Superior Court of New Jersey, Appellate Division
Feb 14, 2023
No. A-2645-21 (App. Div. Feb. 14, 2023)

Opinion

A-2645-21 A-2778-21

02-14-2023

B.C.P., Plaintiff-Respondent, v. D.W.P., Defendant-Appellant. D.W.P., Plaintiff-Appellant, v. B.C.P., Defendant-Respondent.

Einhorn, Barbarito, Frost &Botwinick, PC, attorneys for appellant (Matheu D. Nunn, Bonnie C. Frost, and Jessie M. Mills, on the briefs). Kalish Law Group, attorneys for respondent (Lawrence H. Kalish and Patrick J. Foy, on the briefs).


This opinion shall not "constitute precedent or be binding upon any court." Although it is posted on the internet, this opinion is binding only on the parties in the case and its use in other cases is limited. R. 1:36-3.

Submitted February 6, 2023

On appeal from the Superior Court of New Jersey, Chancery Division, Family Part, Morris County, Docket Nos. FV-14-0607-22 and FV-14-0608-22.

Einhorn, Barbarito, Frost &Botwinick, PC, attorneys for appellant (Matheu D. Nunn, Bonnie C. Frost, and Jessie M. Mills, on the briefs).

Kalish Law Group, attorneys for respondent (Lawrence H. Kalish and Patrick J. Foy, on the briefs).

Before Judges Whipple, Mawla, and Marczyk.

PER CURIAM

These are back-to-back appeals, which we have consolidated for purposes of this opinion. In A-2645-21, appellant D.W.P. appeals from a March 31, 2022 order granting respondent B.C.P. a final restraining order (FRO) pursuant to the Prevention of Domestic Violence Act (PDVA), N.J.S.A. 2C:25-17 to -35. In A-2778-21, D.W.P. challenges an order entered the same date denying him an FRO against B.C.P. We affirm.

We use the parties' initials pursuant to Rule 1:38-3(d)(9) and (10).

The parties were married for over three decades and have two adult sons. D.W.P. was a retired law enforcement officer whose pension was the parties' source of income. They resided in a home D.W.P. received from his mother, which was titled solely in his name. The younger son was residing with them when the underlying incident took place on February 1, 2022.

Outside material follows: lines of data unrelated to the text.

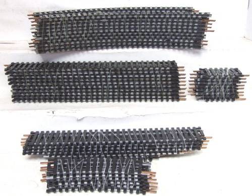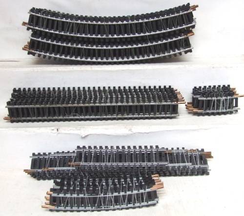 On auction are these Lima metal tracks with fishplates in good condition. No corrosion visible on tracks. Some fishplates need a bit of TLC. Some small pieces of underlay missing, overall in good usable condition. Please see photos for detail.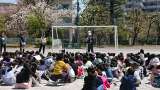 4月の避難訓練の様子です。今回は学校の北側の民家が火事になったという想定のもと、...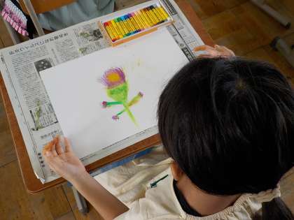 そして,いよいよパスやコンテで描きました。どんな作品が出来上がったのでしょうか。乞うご期待!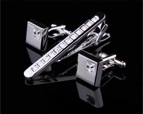 These Chic Crystal Cufflinks and Tie Clip Set - White definitely add a luxurious touch to your sleeves while walking around and mingling. These crystal cufflinks and tie bar set are the stunning accessories match with any suit and shirt you may have in your closet.
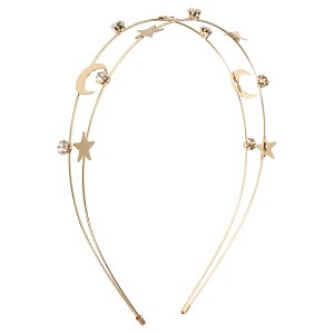 Unique Bargains Women's Elegant Double Layer Moon Headband 4.72" ID Gold Tone 1 Pc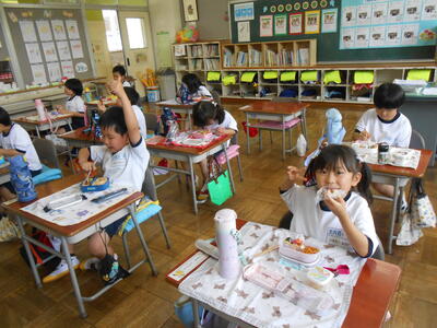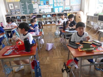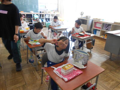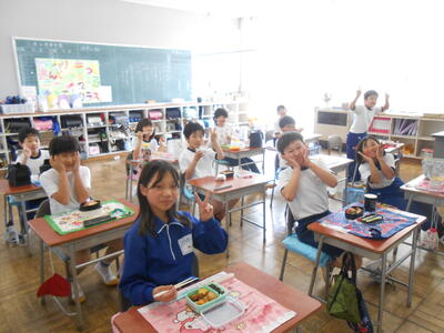 楽しみなお弁当の日。みんなうれしそうに食べていました。教室をのぞくと、「見て、見て。」とお弁当自慢。美味しいポーズもいただきました。みんな感謝をして、残さず食べることでしょう。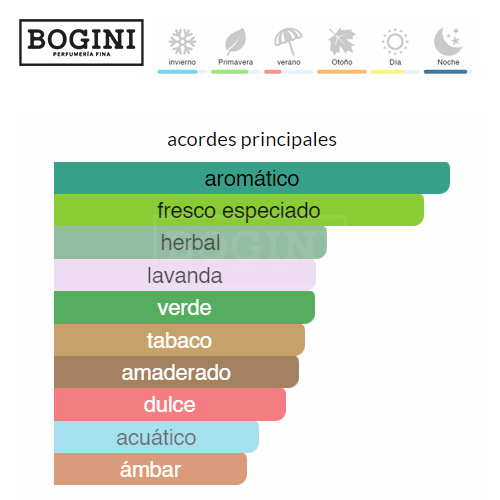 - Notas destacadas: Lavanda, notas acuáticas, mopán, tabaco, ciprés, sándalo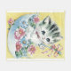 Cute Vintage Image Kitten Umbrella Spring Flowers Fleece Blanket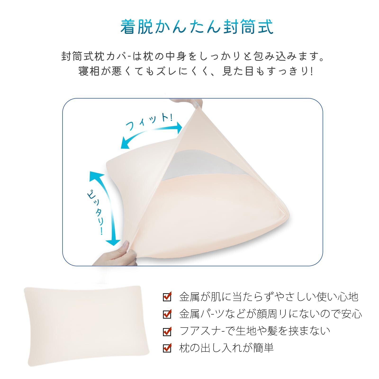【封筒式 ぴったりフィットで家事時短】まくらカバーはファスナーなどの金具を一切使っていないため、生地を噛んだりする心配もありません。ひんやり枕カバーは優れた伸縮性が持つので、取り付け、着脱も簡単、きれいなフィット感。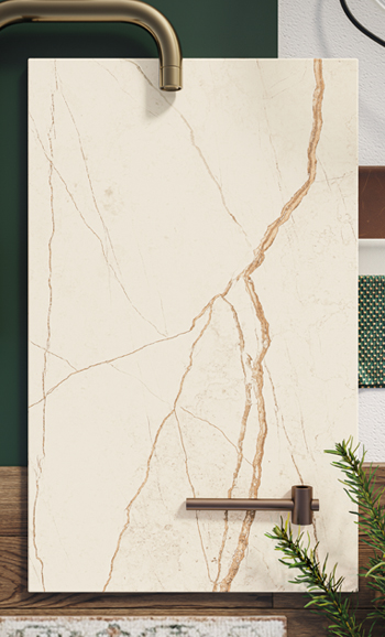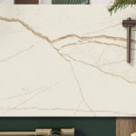 A spectacular embodiment of the marking of time on a neutral off-white base, bursting with a lively criss-crossing of oversized veins and fine crackled lines that feature ancient copper overlay, textured golden streaks, and primeval earthy sediments, in an outstanding composition unseen before, with a sleek and soft Silk finish.

Prior to then, in May 2020, police were called to the residence over an argument when D.W.P. received a letter from B.C.P.'s divorce lawyer advising him of her intent to file for divorce. The parties agreed to wait until after the eldest son's wedding. In May 2021, D.W.P. informed B.C.P. he wanted to see other people. B.C.P. agreed on the condition D.W.P. not bring anyone to the marital residence. In November 2021, the eldest son was married, and the following month B.C.P. served D.W.P. with a divorce complaint.

D.W.P. testified B.C.P.'s attitude changed after she filed the complaint for divorce. There was "[a] lot of ranting" and she slammed doors and yelled. On January 23, 2022, she sent him the following two texts: "Limp dick even with a skank whore. [Laugh out loud] . . . Funny[;]" and "DIE!!!!!!". The next day B.C.P. texted: "I hate you and want you dead BUT I did not take any money last night. I swear the cunt must have robbed you while you were passed out[.]" And the next day B.C.P. texted: "Die!!!!! Move to [U]nion. Fuck your skank. LEAVE ME ALONE[.]" D.W.P. discovered B.C.P. wrote "Fuck you!" on a desk calendar. B.C.P. also left sticky notes with similar comments on D.W.P.'s belongings but stopped doing so when the younger son asked her.

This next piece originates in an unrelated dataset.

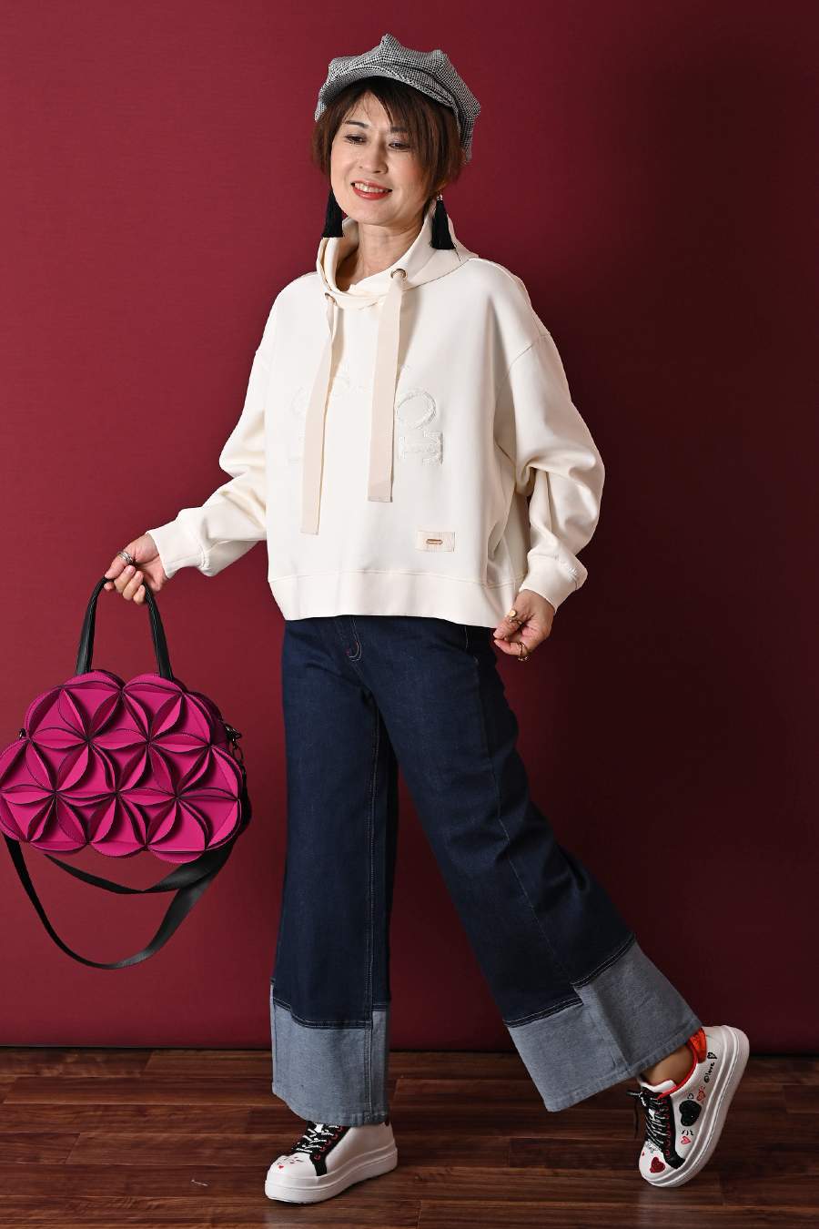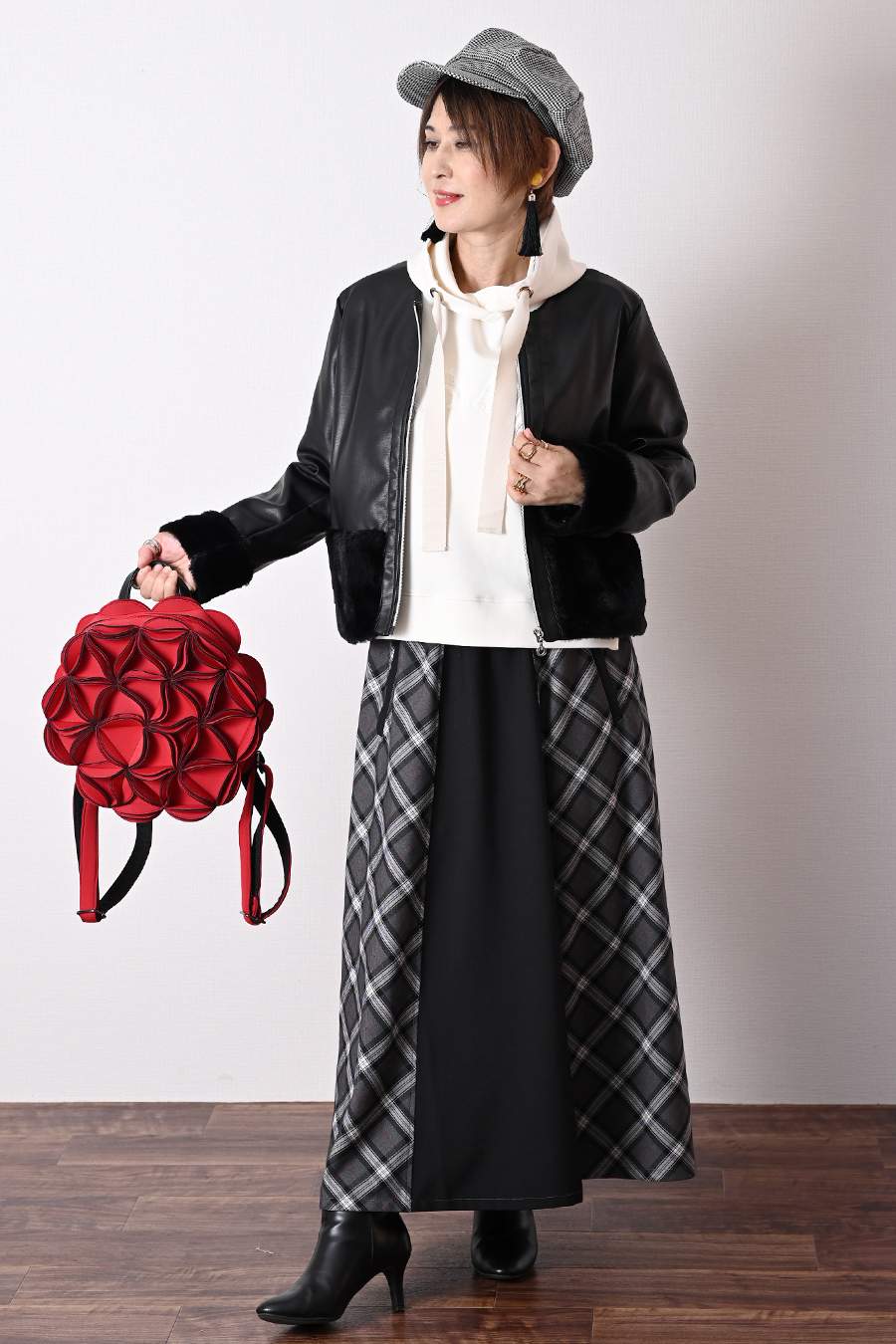 大人のバルーンブルゾン+先染めジャガード多色チェックスカート2点セットコーデ

On January 31, 2022, D.W.P. went to a social club and drank alcohol during the day. When he returned home, he crashed into a stanchion attached to the residence and passed out in his truck. The younger son was home with B.C.P. He called his older brother, who advised him to make sure the truck was in park and remove the keys from the ignition. B.C.P. removed all the spare keys for the family's vehicles from the truck's glove box where D.W.P. stored them. When the older son arrived, he and his brother carried D.W.P. into the house and laid him on a couch to sleep.

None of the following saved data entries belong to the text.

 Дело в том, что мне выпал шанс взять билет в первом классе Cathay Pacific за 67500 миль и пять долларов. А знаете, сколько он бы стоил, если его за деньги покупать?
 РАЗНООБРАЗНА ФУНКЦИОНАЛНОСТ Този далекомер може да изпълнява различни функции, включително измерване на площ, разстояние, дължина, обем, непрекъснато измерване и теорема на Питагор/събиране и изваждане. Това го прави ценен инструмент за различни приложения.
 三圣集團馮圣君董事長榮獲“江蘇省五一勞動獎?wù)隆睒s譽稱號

As will be discussed later, D.W.P. claimed he drove home, hit the stanchion, drank a pint of alcohol inside the vehicle in the driveway, and passed out.

The following morning, D.W.P. awoke in search of the keys. He called the younger son, who advised him the keys for his vehicle were next to him. However, D.W.P. wanted the spare keys for all the other vehicles as well. B.C.P. went to the younger son's room to remove the spare keys before D.W.P. could find them. He demanded she give him the keys, and when she refused, he decided to search for them in her purse.

B.C.P. went to her bedroom and attempted to close the door but could not prevent D.W.P. from entering. A struggle ensued over B.C.P.'s purse, and the younger son, who was still on the telephone with D.W.P., heard B.C.P. screaming for help. He testified he never heard his mother "scream like that before." He yelled to his father to stop, then turned his vehicle around and headed back to the home.

D.W.P. testified he was searching for the keys to the other vehicles because they were titled in his name, and B.C.P. was removing things from the home. He claimed as he was on the phone with his son, B.C.P. raced into the son's room to take the keys. D.W.P. then headed away from the son's room toward B.C.P.'s bedroom to remove the keys from her pocketbook. He claimed "she came forcefully through the door. The door hit [him] on the foot and very lightly in[] the head." D.W.P. raced B.C.P. to her pocketbook and "[s]he then came for the pocketbook and with her forward momentum [they] fell onto the bed." He claimed B.C.P. threatened to stab him. D.W.P. then left with the pocketbook and eventually police arrived.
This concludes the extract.